Monitoring Alerts
Monitoring Alerts
Alarm Threshold Setting
Set reasonable thresholds and levels (warning, critical, emergency) for core metrics such as CPU, memory, network, and task failure rate.
For key task events (such as backup tasks), stricter alarm conditions can be set.
Currently, alarms can be created for both resources and events.

- Create Resource Alarm
Define the alarm name, alarm level, and resource type. Configure resource alarms for CPU, memory, disk, and processes. When the threshold is reached, an alarm event will be triggered.

- Create Event Alarm
Define the event alarm name, alarm level, and event type. Configure event alarms for disaster recovery host resources, production platform resources, disaster recovery platform resources, etc. When the event is triggered, an alarm event will be sent.
Important Alarm Metrics
Event type: DR host resource "Host disconnected", event result "Success".
Event type: DR host resource "Sync host", event result "Failure".
Event type: DR host resource "Boot host", event result "Failure".
Other monitoring metrics can be configured as needed.

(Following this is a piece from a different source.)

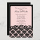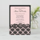 Commencez votre événement outre de la droite avec notre invitation nuptiale de douche comportant le beau cadre de remous avec un arrière - plan rose et noir du fond de damassé. Combinaison de couleurs rose et noire à la mode. Customisez juste notre invitation avec votre information de mariage et vous êtes tous placez pour aller. © Mujka Design Inc

Multi-channel Notification
Configure multiple alarm channels such as email, SMS, and IM (e.g., DingTalk, WeChat Work) to ensure timely awareness of issues.
Email alarm channel

- SMS alarm channel

- WebHook alarm channel


Alarm Response Process
After receiving an alarm, O&M staff should investigate and handle the issue within the specified SLA time.
After processing, update the ticket system or logs to record the cause, steps, and result of the incident.